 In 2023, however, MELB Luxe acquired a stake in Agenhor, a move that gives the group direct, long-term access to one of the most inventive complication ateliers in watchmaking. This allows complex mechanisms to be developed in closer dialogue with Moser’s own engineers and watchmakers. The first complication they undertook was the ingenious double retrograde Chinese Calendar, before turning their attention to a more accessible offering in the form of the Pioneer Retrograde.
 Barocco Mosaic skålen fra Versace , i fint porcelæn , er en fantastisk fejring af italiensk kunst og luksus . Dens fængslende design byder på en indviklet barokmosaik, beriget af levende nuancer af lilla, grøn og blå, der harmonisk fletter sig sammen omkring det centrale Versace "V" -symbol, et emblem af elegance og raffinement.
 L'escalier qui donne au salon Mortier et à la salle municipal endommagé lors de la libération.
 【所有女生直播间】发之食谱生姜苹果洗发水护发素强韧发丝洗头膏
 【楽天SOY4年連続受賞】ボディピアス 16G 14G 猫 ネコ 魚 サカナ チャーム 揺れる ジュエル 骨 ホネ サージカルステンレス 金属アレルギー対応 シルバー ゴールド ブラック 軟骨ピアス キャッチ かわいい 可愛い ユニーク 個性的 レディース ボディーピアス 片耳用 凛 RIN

Your assignment:
Exactly and without omission, set down every entry.

Result for this task:
 In 2023, however, MELB Luxe acquired a stake in Agenhor, a move that gives the group direct, long-term access to one of the most inventive complication ateliers in watchmaking. This allows complex mechanisms to be developed in closer dialogue with Moser’s own engineers and watchmakers. The first complication they undertook was the ingenious double retrograde Chinese Calendar, before turning their attention to a more accessible offering in the form of the Pioneer Retrograde.
 Barocco Mosaic skålen fra Versace , i fint porcelæn , er en fantastisk fejring af italiensk kunst og luksus . Dens fængslende design byder på en indviklet barokmosaik, beriget af levende nuancer af lilla, grøn og blå, der harmonisk fletter sig sammen omkring det centrale Versace "V" -symbol, et emblem af elegance og raffinement.
 L'escalier qui donne au salon Mortier et à la salle municipal endommagé lors de la libération.
 【所有女生直播间】发之食谱生姜苹果洗发水护发素强韧发丝洗头膏
 【楽天SOY4年連続受賞】ボディピアス 16G 14G 猫 ネコ 魚 サカナ チャーム 揺れる ジュエル 骨 ホネ サージカルステンレス 金属アレルギー対応 シルバー ゴールド ブラック 軟骨ピアス キャッチ かわいい 可愛い ユニーク 個性的 レディース ボディーピアス 片耳用 凛 RIN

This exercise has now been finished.